Skip all pictures; return exactly the lines from the one containing "タブレットを見せながら、ALTの先生との会話に挑戦中です。" through the end of the data.

====== DATA EXTRACT

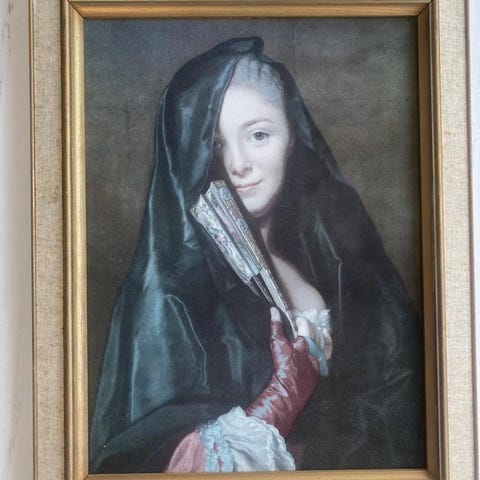 Tryck på duk monterad i originalram med guldfärgad ytterram och innerlist.
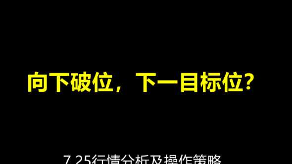 向下破位,下一目标位?|7.25行情分析及操作策略
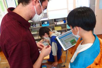 タブレットを見せながら、ALTの先生との会話に挑戦中です。
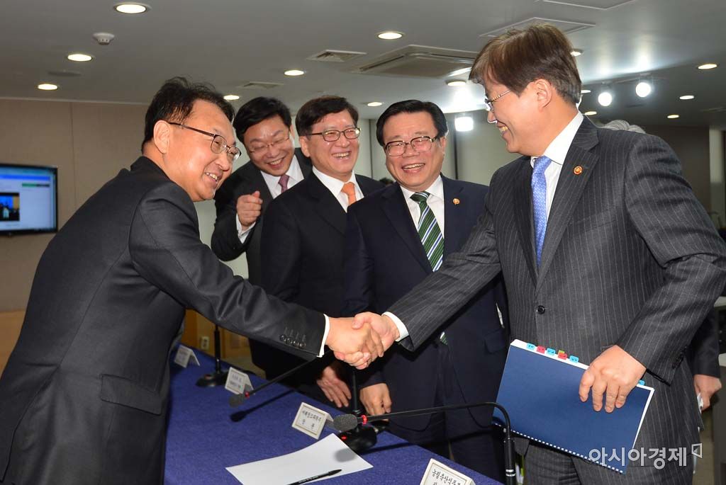[아시아경제 백소아 기자] 17일 서울 세종로 정부서울청사에서 유일호 경제부총리(맨 왼쪽)과 최양희 미래창조과학부 장관(맨 오른쪽)이 무역투자진흥회의 투자 활성화 대책을 발표한 후 악수를 하고 있다. 이날 유 부총리는 "민간 투자와 신산업 발전, 수출 동력 창출을 막는 규제를 과감히 걷어내 2018년까지 약 50조 이상의 민간 투자와 일자리 블루 오션을 개척하겠다"고 말했다.백소아 기자 sharp2046@asiae.co.kr<ⓒ세계를 보는 창 경제를 보는 눈, 아시아경제(www.asiae.co.kr) 무단전재 배포금지>

============

- ANSWER TO THIS EXERCISE -
 タブレットを見せながら、ALTの先生との会話に挑戦中です。
[아시아경제 백소아 기자] 17일 서울 세종로 정부서울청사에서 유일호 경제부총리(맨 왼쪽)과 최양희 미래창조과학부 장관(맨 오른쪽)이 무역투자진흥회의 투자 활성화 대책을 발표한 후 악수를 하고 있다. 이날 유 부총리는 "민간 투자와 신산업 발전, 수출 동력 창출을 막는 규제를 과감히 걷어내 2018년까지 약 50조 이상의 민간 투자와 일자리 블루 오션을 개척하겠다"고 말했다.백소아 기자 sharp2046@asiae.co.kr<ⓒ세계를 보는 창 경제를 보는 눈, 아시아경제(www.asiae.co.kr) 무단전재 배포금지>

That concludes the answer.